Problem details
Go to the line with "4月6日,云南農(nóng)" in the entries below and write out every line from there through the line with "金骆驼 登越王楼视野非常辽阔", exactly and without pictures.

Records to use
#####

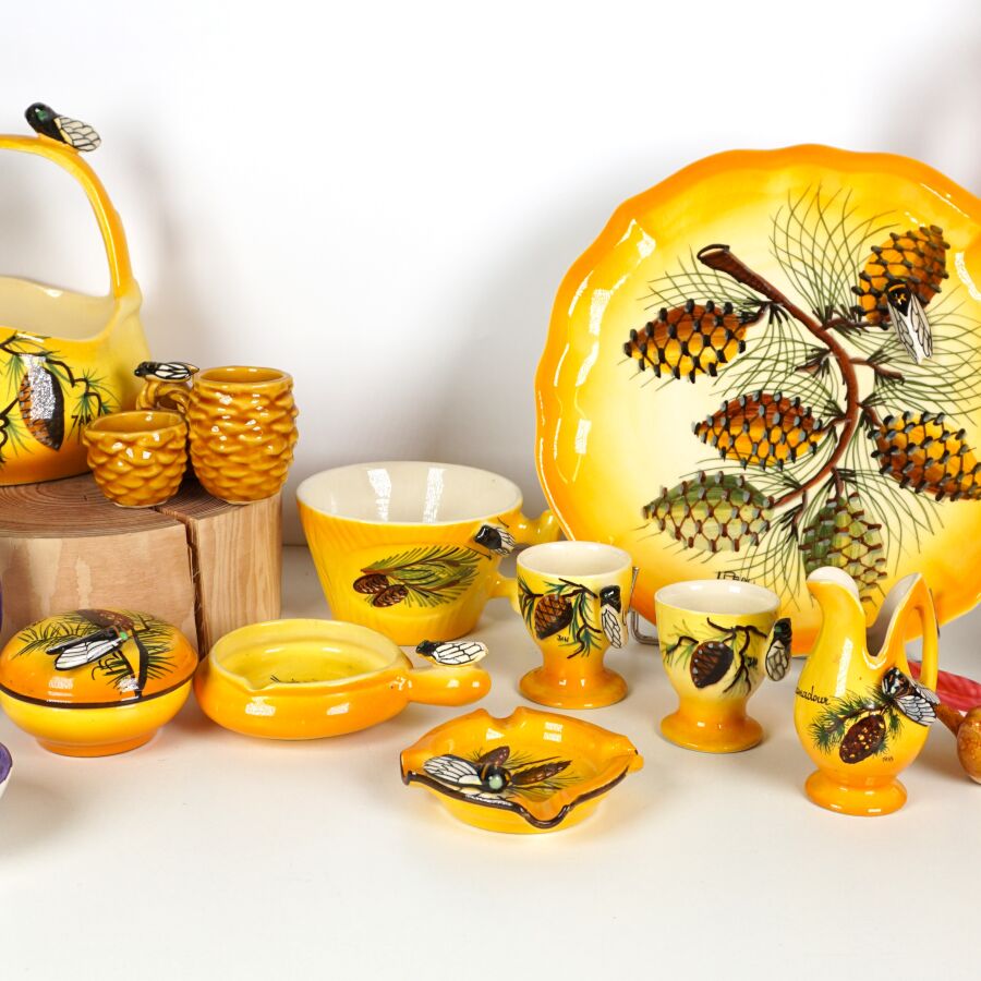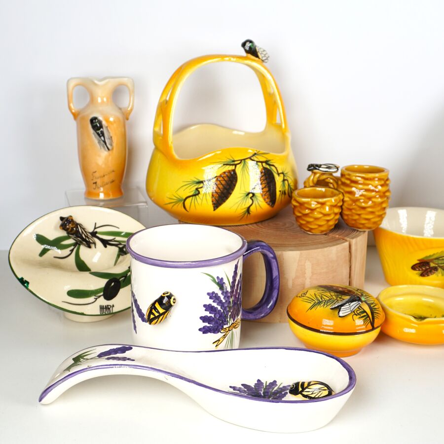 SUD DE LA FRANCE : Ensemble de 10 pièces en céramique émaillée polychrome à décor de cigales en applique et de pommes de pin sur fond jaune orangé comprenant assiette, coquetiers, tasse, pot-à-lait, etc. Certaines pièces signées, D. Assiette : 24.5cm. (éclats).
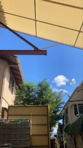 最近、加工場で無垢の木材を使った格子窓を作成していたのですが、その休憩時間にふと見上げた空がとても綺麗だったので写真に収めました。
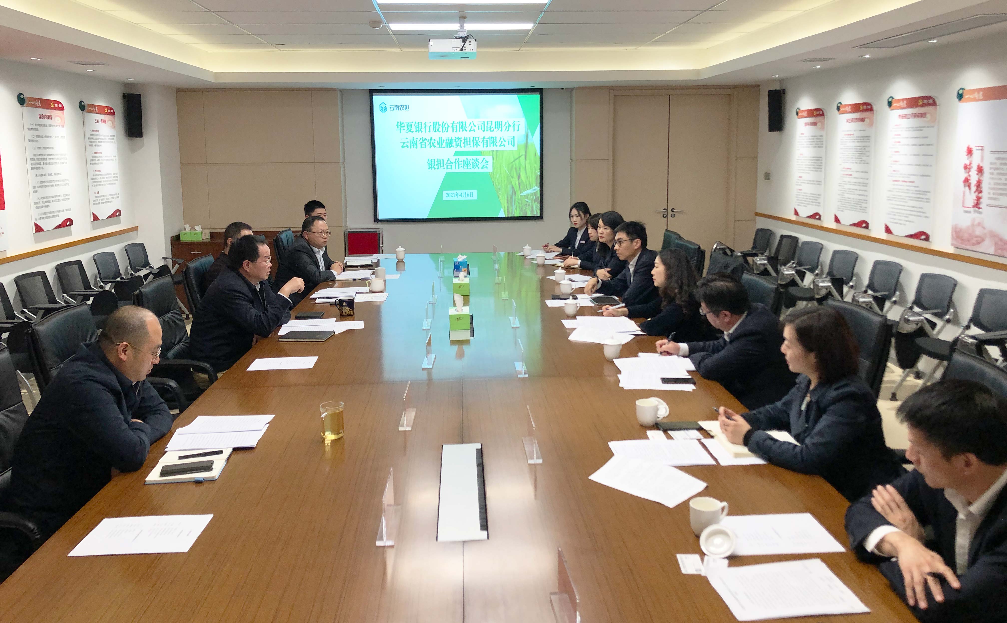 4月6日,云南農(nóng)擔與華夏銀行昆明分行召開銀擔合作座談會。華夏銀行季少青副行長攜授信審批部、普惠金融部、公司業(yè)務(wù)部、供應鏈業(yè)務(wù)金融部和金江支行負責人等參加會議。農(nóng)擔公司董事長杜開波、總經(jīng)理李世偉、副總經(jīng)理廖寅皓,業(yè)務(wù)發(fā)展部、風險控制部、戰(zhàn)略發(fā)展部和昆明專營中心負責人參會。
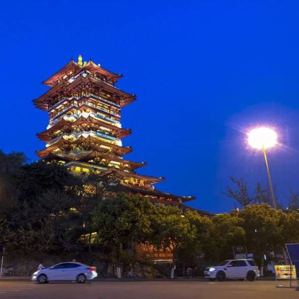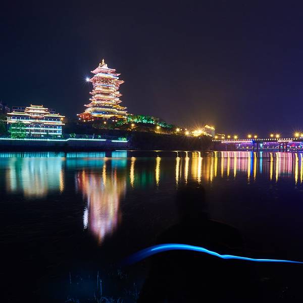 金骆驼 登越王楼视野非常辽阔,而且晚上登楼可以观赏2016年2月开始的绵阳灯光秀。灯光秀及三江夜景的说明越王楼,这个算是绵阳的地标。
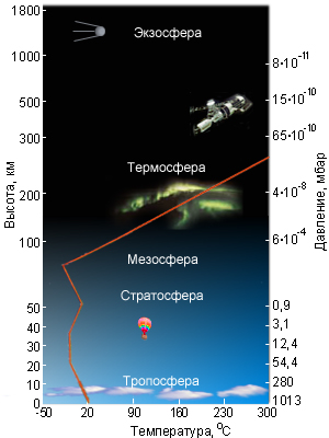 Атмосфера Земли состоит из ряда слоев – тропосферы, стратосферы, мезосферы, термосферы, экзосферы:
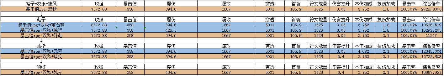 和平使者,由于双秋没有暴击值,所以只能让rpg提供暴击值,我试着算过不带暴击值,但是差距太大了,没法堆到比较靠谱的数值
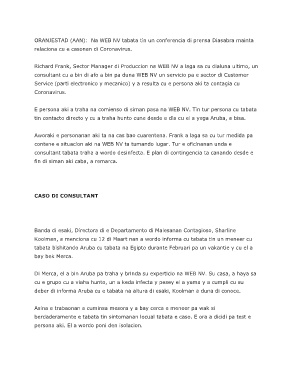 consultant tabata traha a wordo desinfecta. E plan di contingencia ta canando desde e
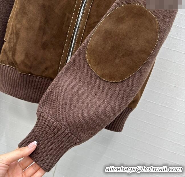 Super Quality Miu Miu Sheepskin Suede and Knit Jacket 0814 Dark Brown 2025
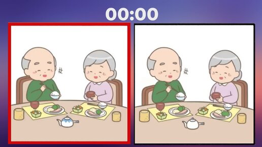 Дедушка и бабушка завтракают. Найди три отличия на картинке.
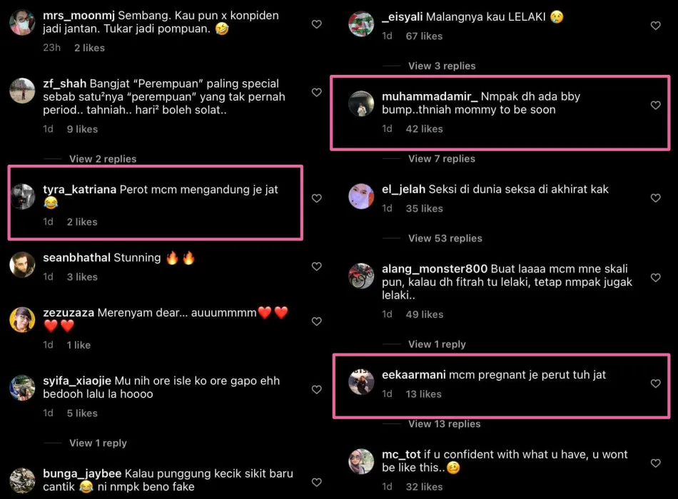 As expected, many of them took to the comments section to put the entrepreneur on blast. On top of that, there were also a few who were more focused on the “bump” on Sajat’s tummy. As a result, many netizens assumed that the “Makhluk Penggoda” singer is currently carrying a bun in the oven!

#####

Expected answer
 4月6日,云南農(nóng)擔與華夏銀行昆明分行召開銀擔合作座談會。華夏銀行季少青副行長攜授信審批部、普惠金融部、公司業(yè)務(wù)部、供應鏈業(yè)務(wù)金融部和金江支行負責人等參加會議。農(nóng)擔公司董事長杜開波、總經(jīng)理李世偉、副總經(jīng)理廖寅皓,業(yè)務(wù)發(fā)展部、風險控制部、戰(zhàn)略發(fā)展部和昆明專營中心負責人參會。
 金骆驼 登越王楼视野非常辽阔,而且晚上登楼可以观赏2016年2月开始的绵阳灯光秀。灯光秀及三江夜景的说明越王楼,这个算是绵阳的地标。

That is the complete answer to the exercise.